Given what you have added, I too, suggest feeding before and after work.
     
    05-12-2013, 06:38 PM
  #14
Trained
Quote:
Originally Posted by SlideStop    
Also, you might not want to stay on such a set routine. I watched a woman's horses once and by 7am they are screaming their heads off and by 7:15 they are breaking things.
Agreed. But IME this is more about overall diet & lifestyle. Firstly, if the horse doesn't have adequate hay/grazing, it will be going hungry until meals, which will make it uncomfortable/painful & therefore stressed. When people feed/eat sugary/starchy food, it gives a 'sugar hit', which the body then gradually 'comes down' from, then 'starves' for more, so another stressor. Combine this with an unnatural, unhealthy lifestyle/environment, being cooped up &/or bored, &/or solitary confinement & the horse is primed ready for 'behavioural' problems & colic.
     
    05-12-2013, 07:58 PM
  #15
Foal
Thanks for your replies everyone (and thanks for the apology Dustbunny - I appreciate it). The horse will be in a huge 5 acre paddock 24/7, there is grass up to his eyeballs and he only has to share with one other horse. Of course the grass won't be great quality cos of winter etc etc but it will keep him going. I realise the best thing would be to feed in the dark, will have to find myself a quality head torch haha.
     
    05-12-2013, 08:12 PM
  #16
Showing
Invest in a couple of small mesh hay nets. The holes will be an inch to two inches and will greatly slow down his hay comsumption. This in turn improves his digestion ie more bang for your buck. The faster a horse consumes any feed, the faster it goes thro. Hang the nets in opposite corners and he'll wander back and forth which also aids digestion. Even tho he's on grass there is a danger of founder during the cool nights warm days, rapid growth time, usually in the morning. That is a good time to keep him off the grass and offer him a net. If you want to give him grain or pellets, again find a container with a large bottom area to slow him down so he's nibbling instead of shoving down a mouthful. If you can scrounge an old wood kitchen table, put 1x4" sides on it and it's a perfect size to scatter the grain on. It's a good idea to shorten the legs so it's almost on the ground. This is a more natural position for him to eat.
     
    05-12-2013, 10:59 PM
  #17
Weanling
Quote:
Originally Posted by SlideStop    
Also, you might not want to stay on such a set routine. I watched a woman's horses once and by 7am they are screaming their heads off and by 7:15 they are breaking things. You feed when its convenient for you, within reason. If they eat at 6:30, fine. If you want to sleep til 9:30 that should be fine with them too.
I am sorry but I don't believe in this. Some horses may be able to cope without a routine, but in my experience the majority of horses cannot cope.

They need to be fed at a certain time (if not bang on, then around that time) and if they are not fed then they need access to add lib hay or they need to be grazing.

Not sticking to a routine (especially if the horse is used to a routine) can cause stress which can lead to vices (fence walking, weaving, etc) in horses with certain temperments.
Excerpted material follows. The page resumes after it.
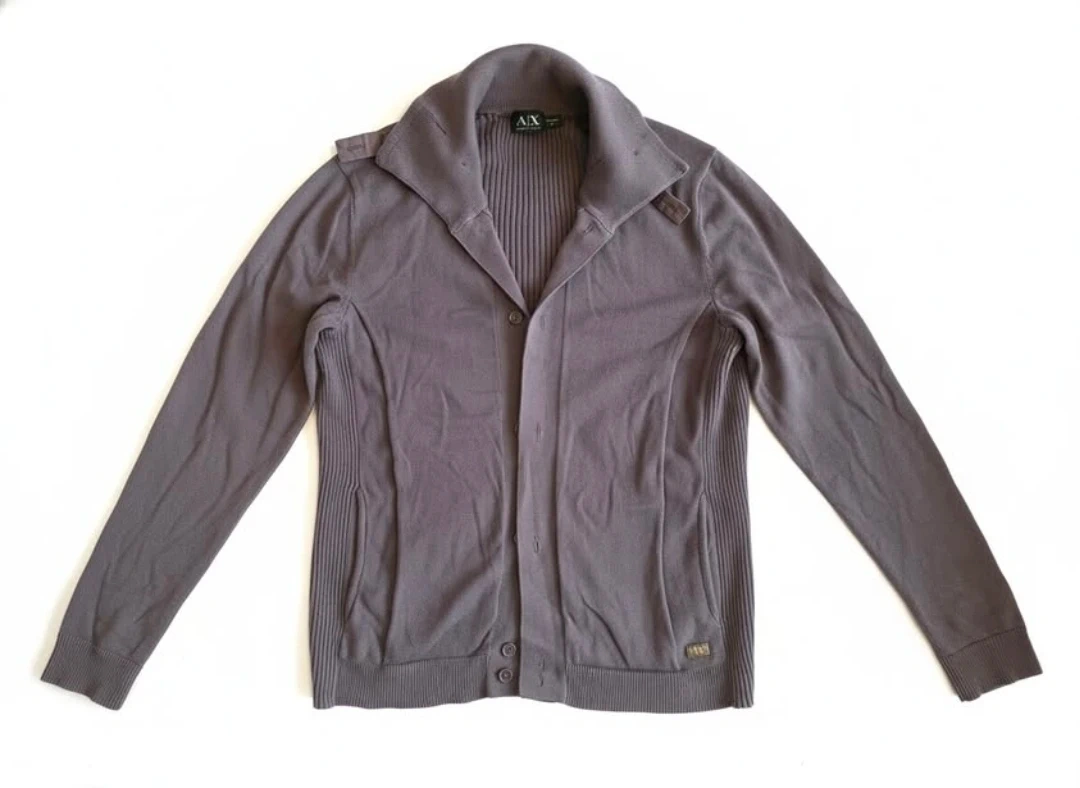 Cool grey ARMANI EXCHANGE cardigan sweater for men. It's a size medium with a button-up front and a classic collar. This knit sweater's ribbed details add a touch of style. Great for layering!

My two are in a paddock 24/7 with a 5x4' roll of hay. They get hard fed at about 6-6.30pm every day. It is especially important for once of my horses as he is a windsucker and is prone to ulcers, the fact that he is a chestnut TB and a stress head doesn't help... but doing all I can to reduce his stress levels helps to keep his ulcers and windsucking under control. As soon as they hear feeds going out, they will start fence walking and if they are not close enough to hear the feeds going out, they normally start to fence walk about 5.45pm.
     
    05-12-2013, 11:56 PM
  #18
Foal
Quote:
Originally Posted by lovexlaugh    
Well, to be honest I feel a bit confused about these responses. But I will try and explain. I am 22 years old, and yes, I have a job, which is a part of life. I have no idea how anyone would afford to keep a horse without a job.
Dustbunny: I do not work until 1 on these days. He will never be in a stall, he will be in a paddock. Getting to the farm at 7 will give me 6 hours to care for him, I am sure he will be fine. About my serious commitment to horse ownership: I have been involved in horses for 13 years, and have owned them for 6 years. I sold them to persue a university degree, I now have enough time to re-enter the horse world.
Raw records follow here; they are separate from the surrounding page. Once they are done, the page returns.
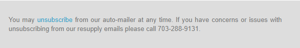 Answer: You may opt-out at any time. You may call 888-276-3237 (Option 1), email resupply@qualitydme.com, or unsubscribe at the bottom of each Resupply Program email notification. Look for the following banner.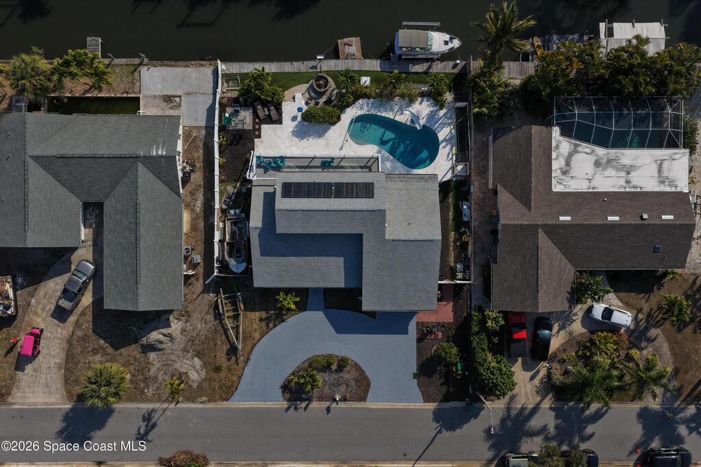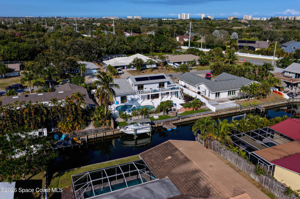 WELCOME HOME to Indialantic Beach, Florida!Enjoy your very own private Waterfront Oasis in this 4 bedroom 4 bathroom home located on a serene canal with easy and quick access to Indian River. Outdoor entertaining options are endless with the in ground pool, boat lift, fire pit, outdoor BBQ space and more. The spacious home has a one of kind theater room with surround sound, newly renovated kitchen with many custom features open to dining area with a custom wet bar fully equipped. Level one features the owners suite with glamour bathroom and slider to pool area along with another secondary bedroom and guest bath. Level 2 offers 2 spacious bedrooms with private bathroom and large balcony off each overlooking pool and canal! Other: Set up for IOT /ALEXEA or Google., large pantry, kitchen island, coastal colors, city water & sewer, half circle driveway, cul-de-sac street is very private too. Minutes to the beach for year round enjoyment. Don't miss this rare opportunity!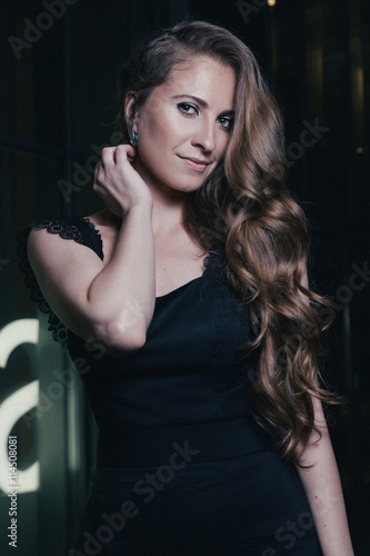 Beautiful girl standing near shopwindow on the night city street. Fashion style portrait of young pretty beautiful woman with long dark curly hair

Boots: I had him vet checked. The vet told me he was underweight, the vet told me to feed him, the vet also told me what to feed him. I am not putting grain in his feed, and never wanted to.
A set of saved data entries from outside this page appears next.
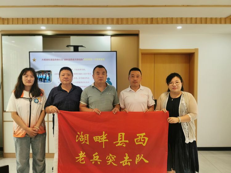 首先大明湖街道县西巷社区书记郭亚楠和大明湖社工站站长为“湖畔县西老兵突击队”授发队旗并合影留念。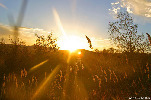 初秋里的阳光的明媚灿烂,也同样是让人沉醉不已的,在秋风乍起的旷野中,一轮壮丽的落日,伴着即将衰黄的秋草,仿佛一曲苍凉而又不伤感的塞上牧歌。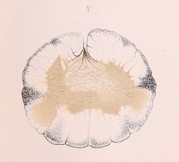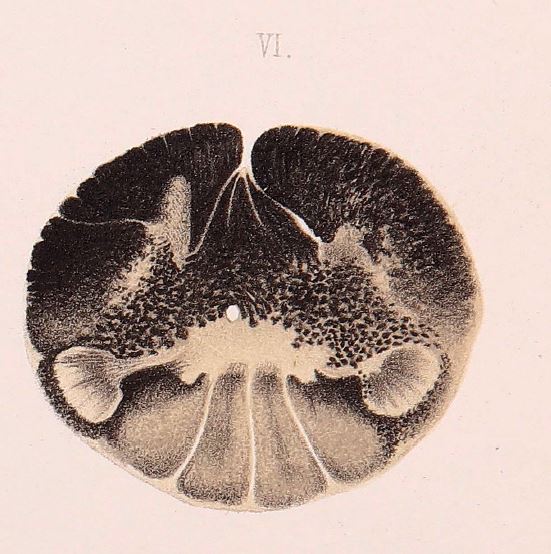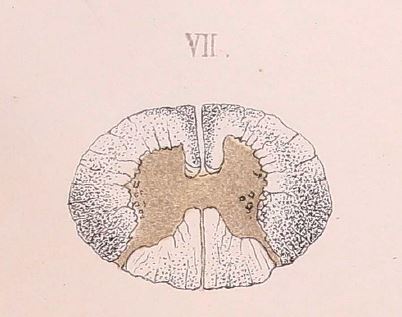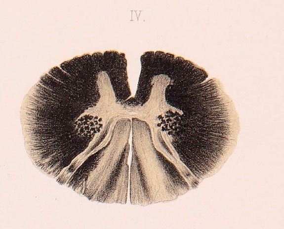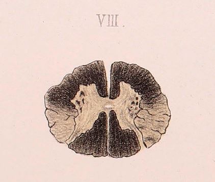 Задніе корешки въ случаѣ автора въ предѣлахъ крестцоваго и поясничнаго отдѣловъ представлялись рѣзко измѣненными. Общая масса этихъ корешковыхъ волоконъ шла черезъ студенистое вещество къ основанію задняго рога и какъ бы въ предѣлы передняго рога. Въ задней спайкѣ не было черныхъ глыбокъ, что, по автору, должно говорить, повидимому, противъ допущенія прямого перехода корешковыхъ волоконъ на противоположную сторону спинного мозга. Начиная съ 12 грудного сегмента, задніе корешки, входящіе вновь въ вещество спинного мозга, оказывались уже совершенно нормальнаго вида, и измѣненными представлялись только волокна заднихъ столбовъ, входящія въ сѣрое вещество заднихъ роговъ. Въ верхнихъ отдѣлахъ спинного мозга наблюдалось только перерожденіе пучковъ Голля. Были обнаружены также измѣненія въ переднихъ корешкахъ на ихъ пути по веществу спинного мозга въ предѣлахъ крестцоваго и поясничнаго отдѣловъ. Эти восходящія измѣненія въ переднихъ корешкахъ авторъ ставитъ въ зависимость отъ пораженія caudae equinae и приравниваетъ ихъ къ тому измѣненію, которое наблюдается въ двигательныхъ черепныхъ нервахъ при поврежденіи ихъ периферической части.

To be honest, I thought this was a place to learn? For horse lovers to come together? Not to be judged and for issues to be assumed. I certainly do not feel welcome here.
Don't let it get you down. I sense your excitment about your new buddy. My horse gets her last slab of hay at 8 at night not one nibble until 7 or 8 in the morning, unless it is winter. Then I will feed her extra in the middle of the night. She has never been sic so...it works.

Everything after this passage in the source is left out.